Customer Details: name, email address, delivery address, and phone number. Acquiring and fulfilling contracts of work.

Ensuring customers are charged promptly and appropriately.

The execution of the company’s business.

Fulfilling our contract with customers.

Employee Details: name, address, email address, phone numbers, and payment information, including details of bank accounts to which payments are made. Ensuring employees are paid promptly and appropriately. The execution of the company’s business.

Fulfilling our contract with employees.

.

5. CONSENT

Consent must be obtained for all data Enormous Art acquires as data controller (we will ensure that data we process has been obtained with consent). Consent may be obtained in face-to-face contact, in writing, by email or by telephone.

Consent obtained for one purpose cannot automatically be applied to other purposes.

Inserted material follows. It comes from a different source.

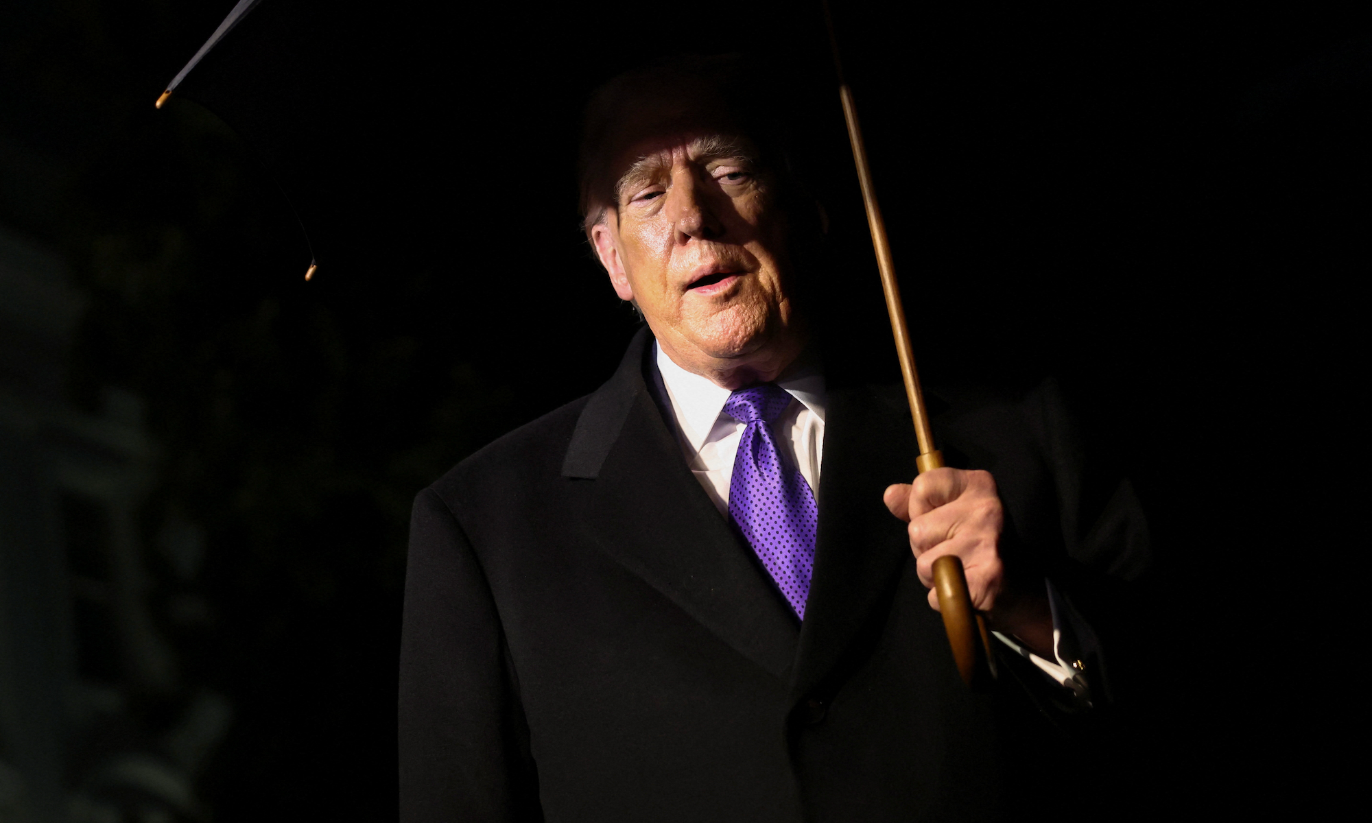 U.S. President Donald Trump holds an umbrella as he speaks to members of the media while departing the White House en route to Florida in Washington, D.C., U.S., January 9, 2026. REUTERS/Kevin Lamarque
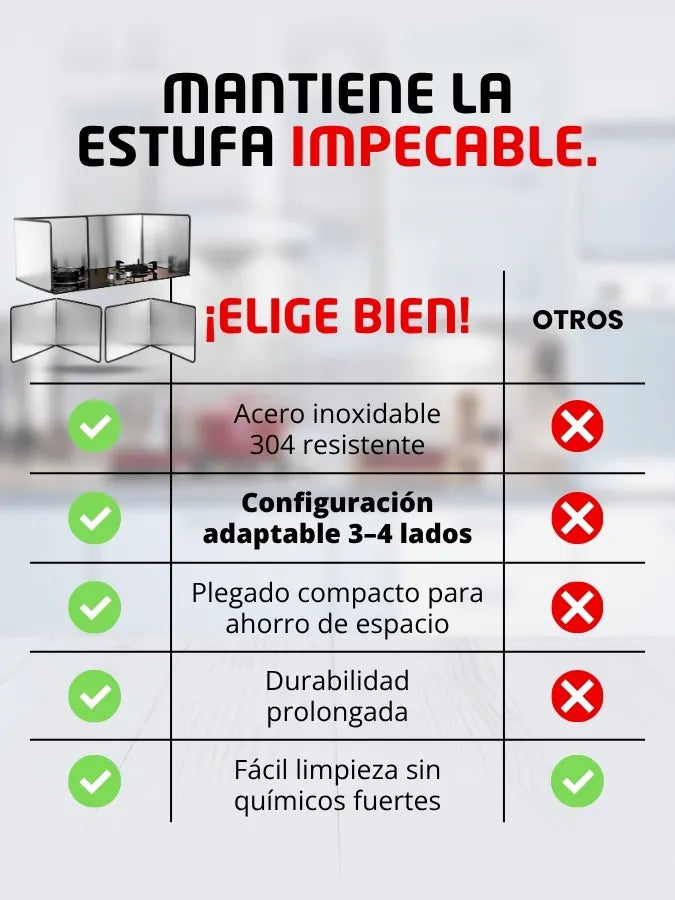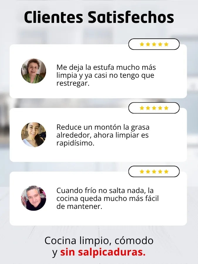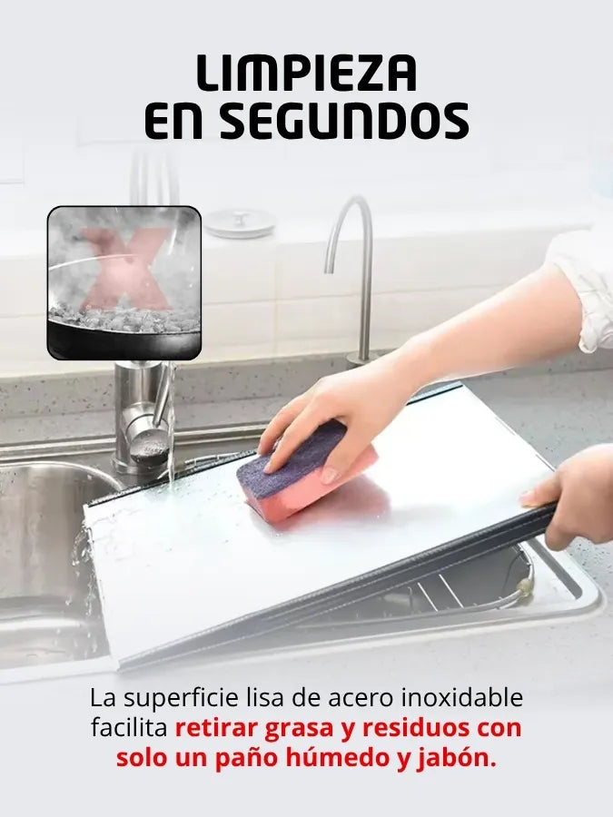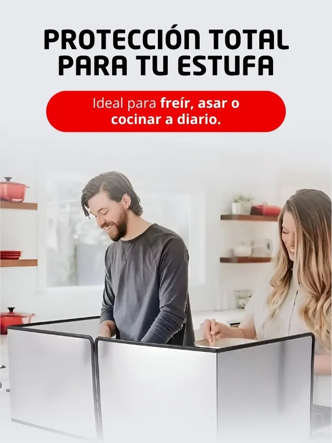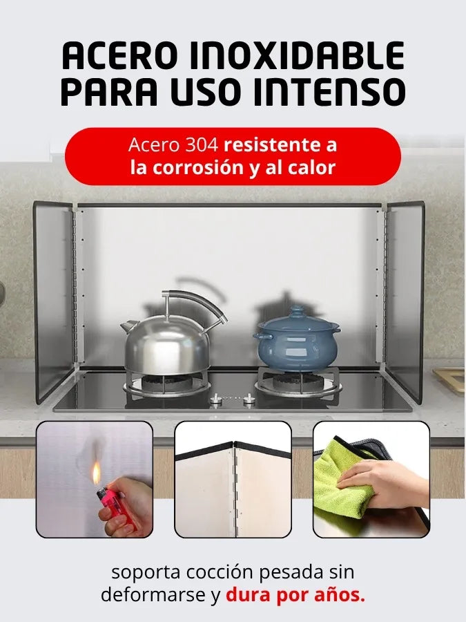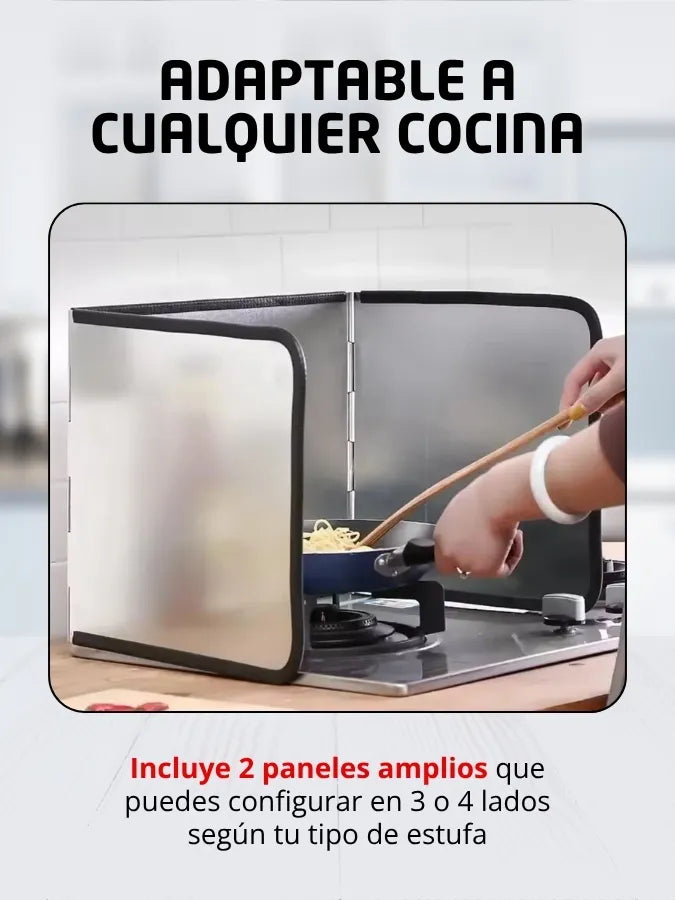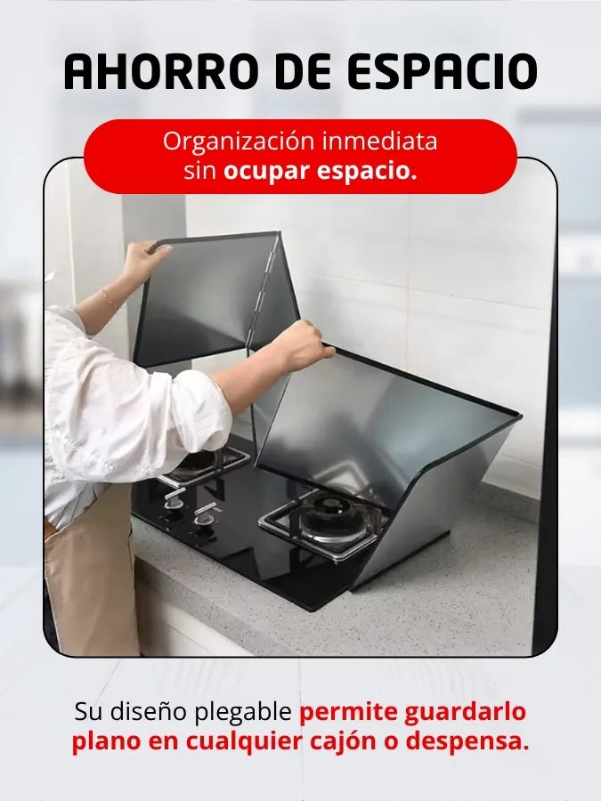 No requiere instalación. Solo despliega los paneles y ubícalo alrededor de la sartén o área de cocción.

A separate consent will need to be obtained.

When consent is obtained individuals must be reminded that they have a right to withdraw consent at any time.

.

PRIVACY STATEMENT

Any documentation which gathers personal and/or special categories of personal data for Enormous Art should contain the following information:

  • Who we are and the nature of our business.
  • We will share data with clients with whom we are seeking to do business employer the person whose data we have collected.
  • Explain that we will not use data for direct marketing and we will not sell the data to any third party for any reason.
  • We will keep the information for as long as we have a commercial relationship with the individual, after which it will be deleted or disposed of, unless the individual has asked us to delete it before this.
  • That their data will be treated securely.
  • How to opt out.
  • They may inform us if data changes or proves incorrect. We will ensure that any changes are transmitted to anyone with whom we have shared data if it is still in current use.
  • We will not transmit information outside the EU.

.

6. HANDLING AND STORAGE OF PERSONAL DATA

ELECTRONIC DATA

When it is necessary to send personal data by email it will be sent only using a secure system. All electronic personal data must be stored in a password protected storage.

PAPER-BASED DATA

Any paperwork containing personal data should be treated as confidential and kept securely:

  • Documents should not be kept in open view (eg on a desktop) but kept in a file in a drawer or filing cabinet. Storage should be lockable if it can be accessed by non-EA employees.
  • Where sending personal information is absolutely necessary it will be sent by recorded delivery or a similar tracked service.

.

7. TRAINING

It will be the responsibility of any director of the company employing an associate or an employee to process, transmit or store any personal data to ensure that that individual has:

  • Training on the requirements and duties imposed by the GDPR and the implications of these for our dealings with people whose personal data we are processing.
  • Training in the company’s data protection policy and the way in which it is implemented;
  • Training in the use of secure methods of storage acceptable to the company and to clients.

Enormous Art will ensure that anyone handling personal data will have access to appropriate tools to ensure the security of the data.

.

8. ACTIONS ON DISCOVERING A BREACH

Any person working for Enormous Art who becomes aware of a breach or a suspected breach (that is, data transmitted to third parties in contravention of the conditions set out elsewhere in this policy document) should notify the company director immediately.

The director will instigate an investigation into the breach. This should establish:

  • Whether a breach has in fact taken place.
  • The individuals whose data have been affected by the breach.
  • Where the data have been sent to.
  • The extent to which the breach affects the individuals: does it impact on their rights and freedoms, will they incur financial, reputational or confidentiality loss, or other significant losses?
  • If it established that a significant breach has occurred the company will notify the individual and the Information Commissioner’s Office.

.

9. DISPOSAL

All personal data should be disposed of as soon as it is no longer required, or for as long afterwards as it is in Enormous Art’s legitimate interest to do so or for as long as is necessary to comply with our legal obligations.